§ **Task goal**
Take the material below and extract the lines from the one with "Candy Can Sparkling" through the one with "4) Багряная листва", word for word, without pictures.

§ **Data in this exercise**
=-=-=

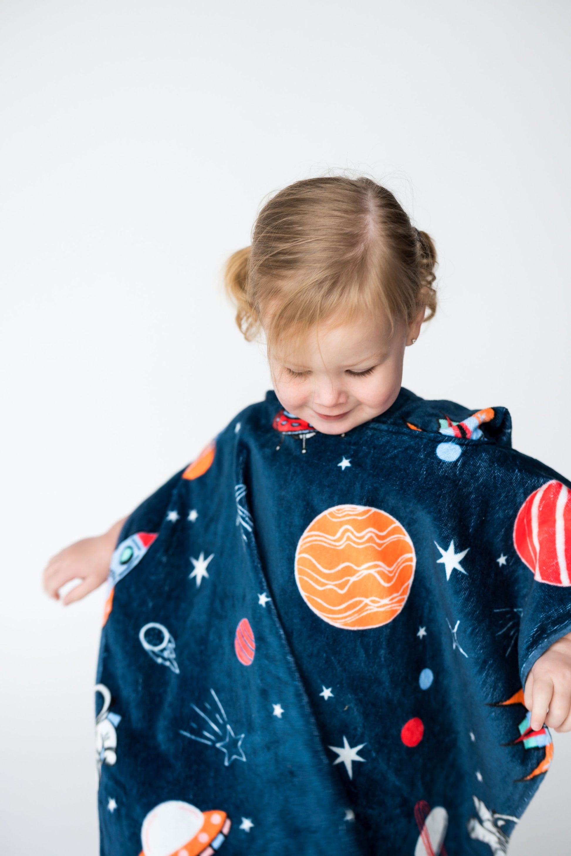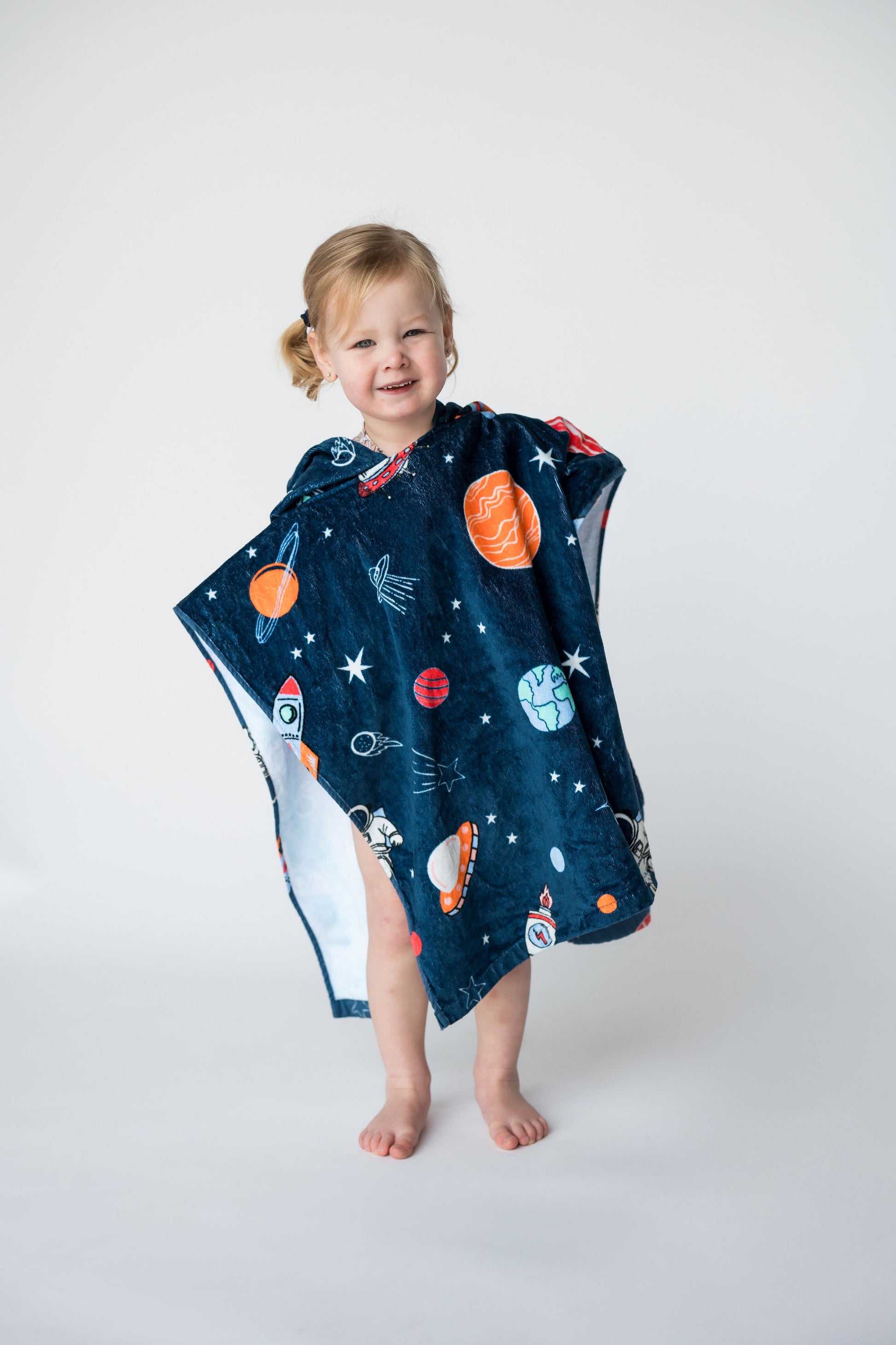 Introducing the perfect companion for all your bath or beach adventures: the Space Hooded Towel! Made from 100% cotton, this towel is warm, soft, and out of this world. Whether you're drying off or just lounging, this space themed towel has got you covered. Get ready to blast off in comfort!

=-=-=

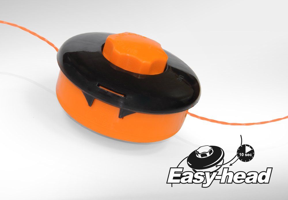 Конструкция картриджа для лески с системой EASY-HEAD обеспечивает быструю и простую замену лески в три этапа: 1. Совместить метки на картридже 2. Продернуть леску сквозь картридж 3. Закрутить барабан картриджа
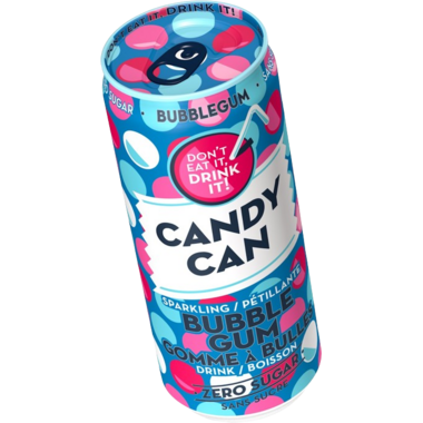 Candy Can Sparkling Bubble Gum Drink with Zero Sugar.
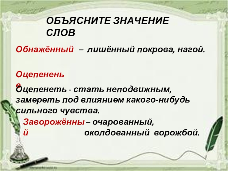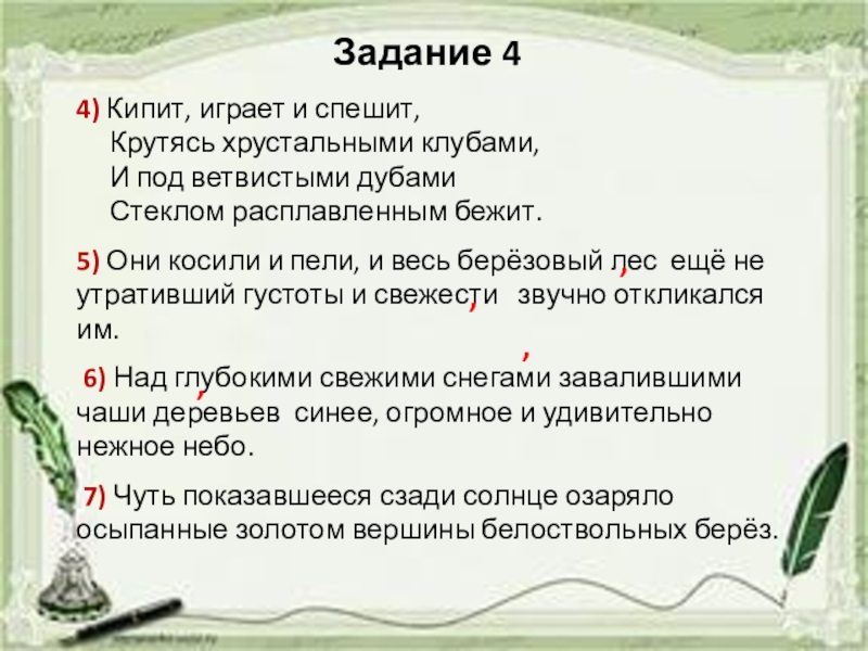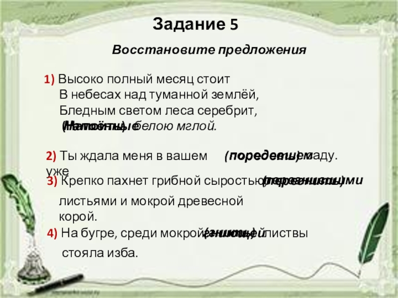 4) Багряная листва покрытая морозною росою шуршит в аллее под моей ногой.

=-=-=

§ **Solution to the exercise**
 Candy Can Sparkling Bubble Gum Drink with Zero Sugar.
 4) Багряная листва покрытая морозною росою шуршит в аллее под моей ногой.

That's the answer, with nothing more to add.